Two more tests given closer to the end of the year then would be combined to determine school rankings. One of those would test them on the knowledge they’ve learned during the year and would contain short-answer and multiple choice questions.
The other would be project-based and would ask students to apply the knowledge and skills they have learned to solve real-world problems.
For example, they may have to do independent research to find sources that support an argument in the article they have been given. Or they may need to determine the area of an irregularly shaped soybean field and determine how much fertilizer it will require.
“It really causes students to demonstrate they have a deep conceptual understanding in addition to needing to apply the knowledge and skills they have learned,” House said. “It won’t just be pick the answer and fill in the bubble.”
A final test would be in speaking and listening skills and would be given by classroom teachers. House said that test is still in its developmental stages and that it will likely utilize a rubric.
PARCC is still developing those tests and is not ready to release sample questions, House said, noting she hopes it is able to do so sometime this fall.
“We don’t have enough information, but we are getting closer and closer to showing exactly the kind of item you’re going to see on the test,” she said.
The plan is for students to take their tests on various technological devices, House said, in order to allow schools to get the results much more quickly.

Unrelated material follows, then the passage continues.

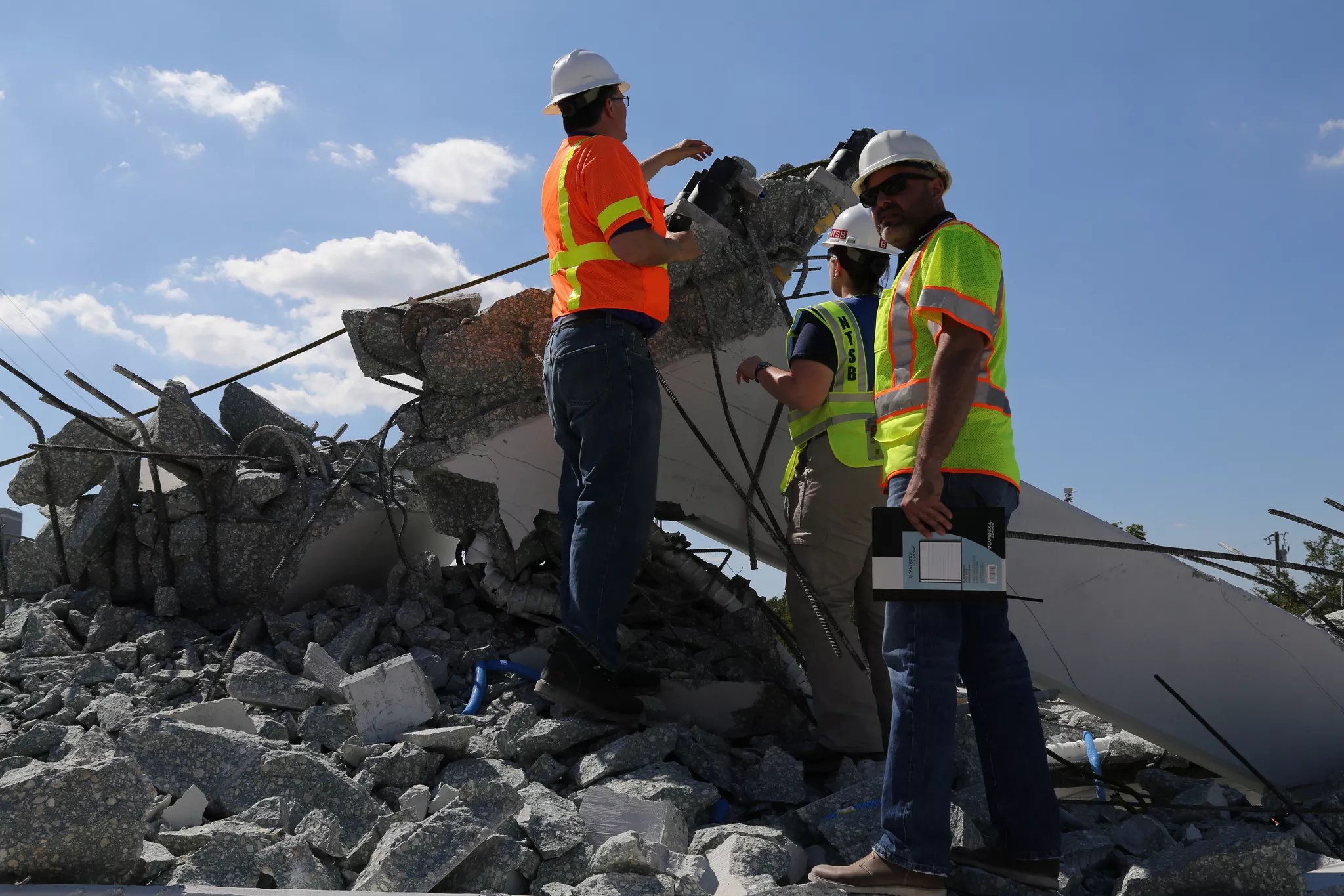 Federal investigators examine the debris from the collapse of a bridge on FIU

This will be important particularly for the early-year tests, which are designed to guide teachers in what they need to teach during the rest of the course.
The key will be to make the tests flexible so that they can be taken on a variety of devices, House said. PARCC has worked with technology companies to ensure test security, she said.
“We need to get people to think differently,” she said. “I’m a baby boomer and most of us have been worried about cellphones, laptops, devices and what students may do. The fact is, that is how these students learn. We need to figure out how to incorporate technology so it is not just an add on, but it is a feature of what they do in their learning environment.”
Districts will be challenged to find enough devices for students to use, which is why flexibility will be important, House said. Also, tests will likely be staggered at different times.
“We may have 30 tablet devices rolling around school depending on who needs them,” House said. “It will require coordination and scheduling, but principals are used to that.”